Свет – это очень мощный инструмент. С его помощью можно воздействовать на человека, лишать его сна, покоя. С его помощью можно делать человека красивее или уродливее. Свет делает мир понятнее и безопаснее. А художник Дуг Уилер (Doug Wheeler) помогает людям увидеть при помощи света … бесконечность.

Художники, рисующие светом, создают с его помощью картины. Не важно, стационарные они или временные. В качестве примеров тому можно привести рисунки светом и тенью от Рашада Алакбарова, светящиеся женские силуэты на фотографиях Кристофера Баклоу или светящуюся мечеть Мечеть шейха Зайда в Абу-Даби. А вот американец Дуг Уилер с помощью света делает … ничего.

Его работу с названием «SA MI 75 DZ NY 12» можно сравнить с чистым голубым небом в ясный день или ночным небосводом в безоблачную ночь.
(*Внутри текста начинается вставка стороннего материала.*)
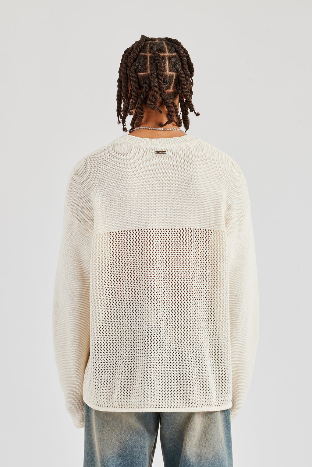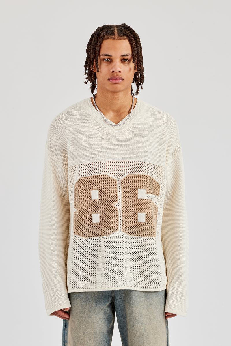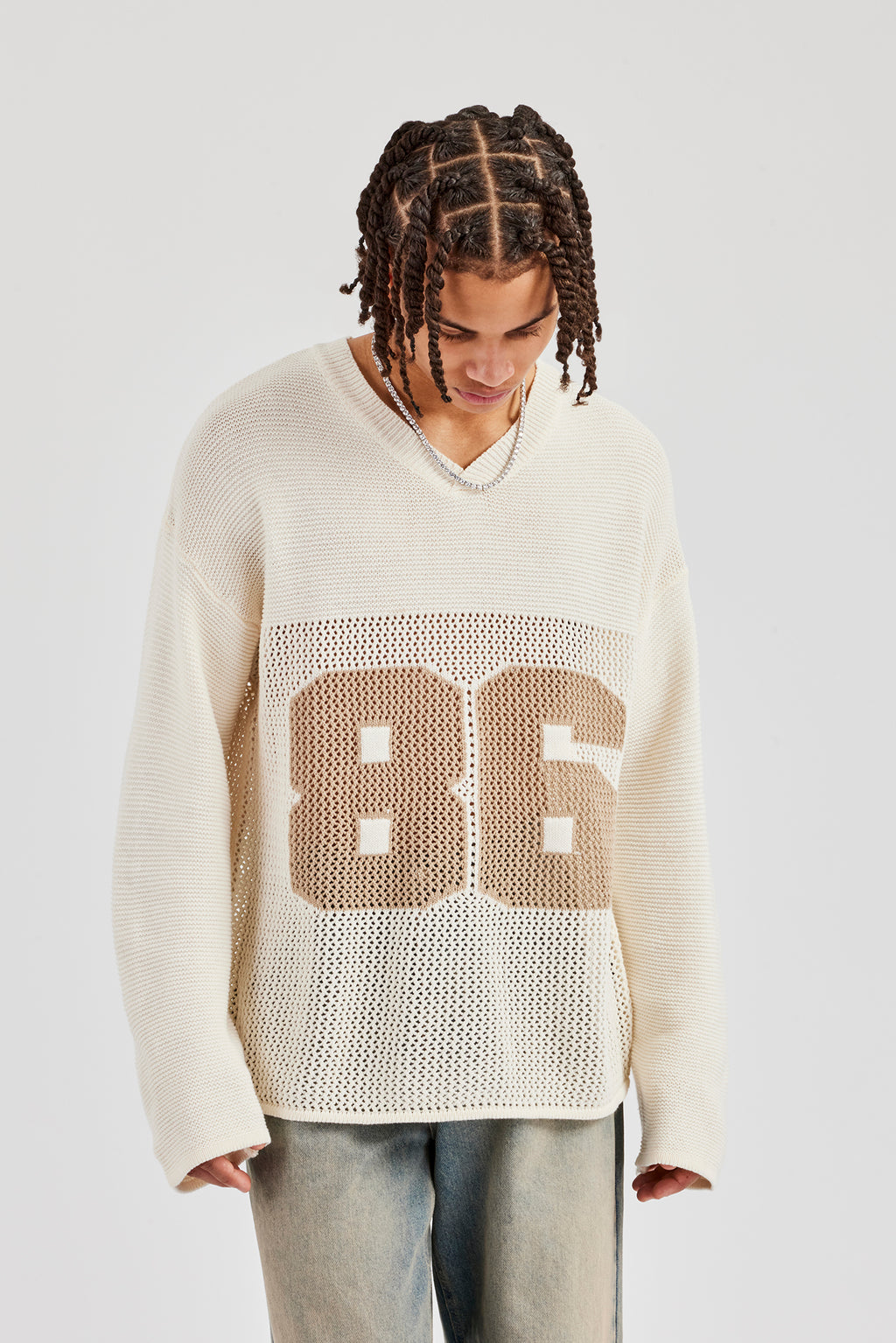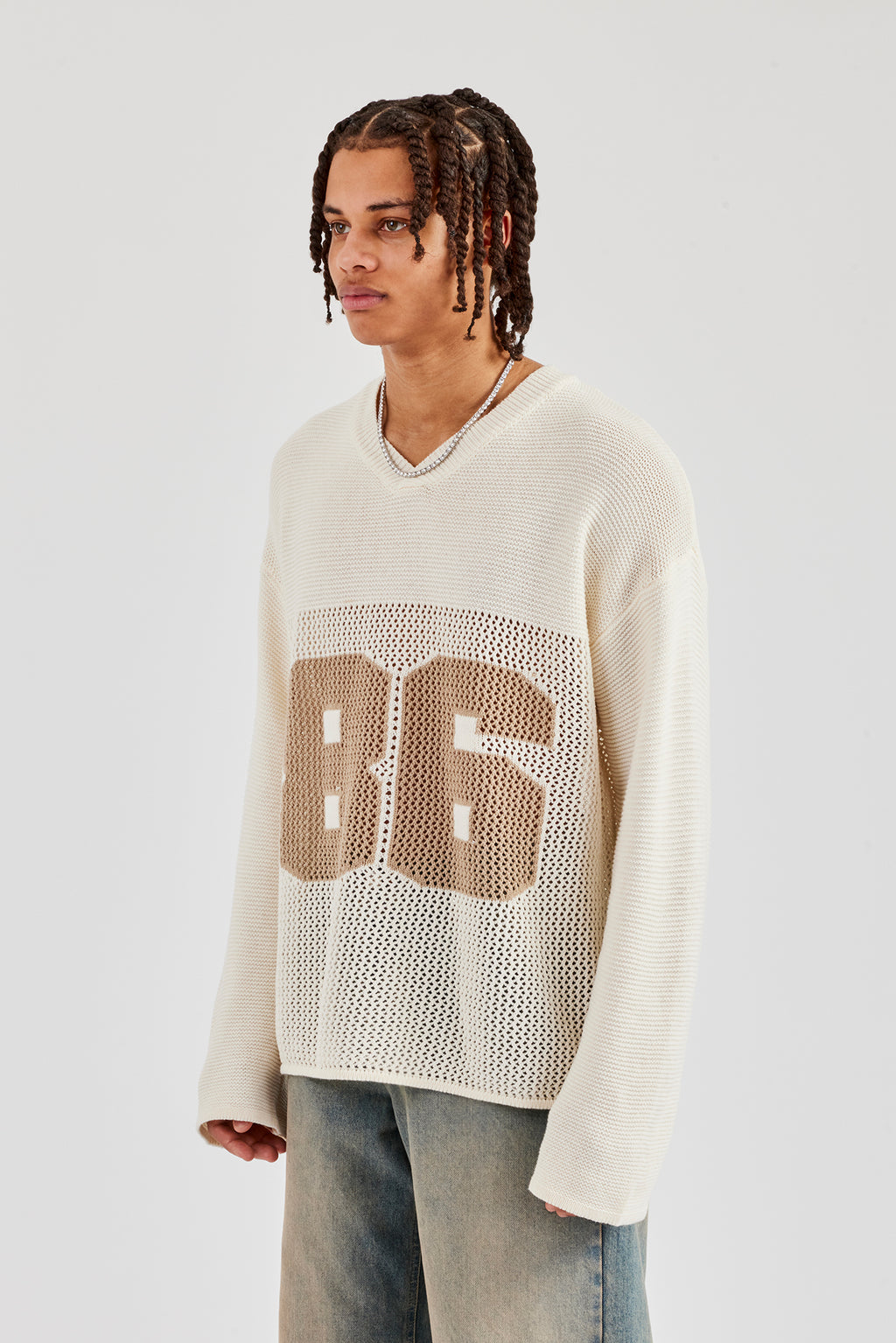 Our ecru knitted long sleeve varsity t-shirt with intarsia detail. Pair back with our bleach wash baggy denim jeans to complete the look.

То есть с ее помощью можно смотреть в бесконечность. Только бесконечность эта не естественная, обусловленная необозримыми размерами Вселенной, а искусственная, созданная Дугом Уилером при помощи световых инструментов.

Инсталляция «SA MI 75 DZ NY 12» состоит из двух помещений, разделенных прозрачным стеклом: большего, где находится большинство зрителей, и меньшего, куда могут зайти всего пару человек. Обе комнаты созданы в одинаковом тоне стен, который может меняться в зависимости от освещения (но тоже всегда синхронно).

В той комнате, что меньше, сглажены все углы. Поэтому, глядя на нее, у зрителя создается впечатление, будто он смотрит в бесконечность. А человек, который находится там, в этой бесконечности висит. Во всяком случае, так это выглядит со стороны. Для усиления же эффекта полы в этих двух помещениях находятся на разных уровнях.

По задумке Дуга Уилера, благодаря инсталляции «SA MI 75 DZ NY 12», человек станет впредь по-другому воспринимать пространство, свет и бесконечность.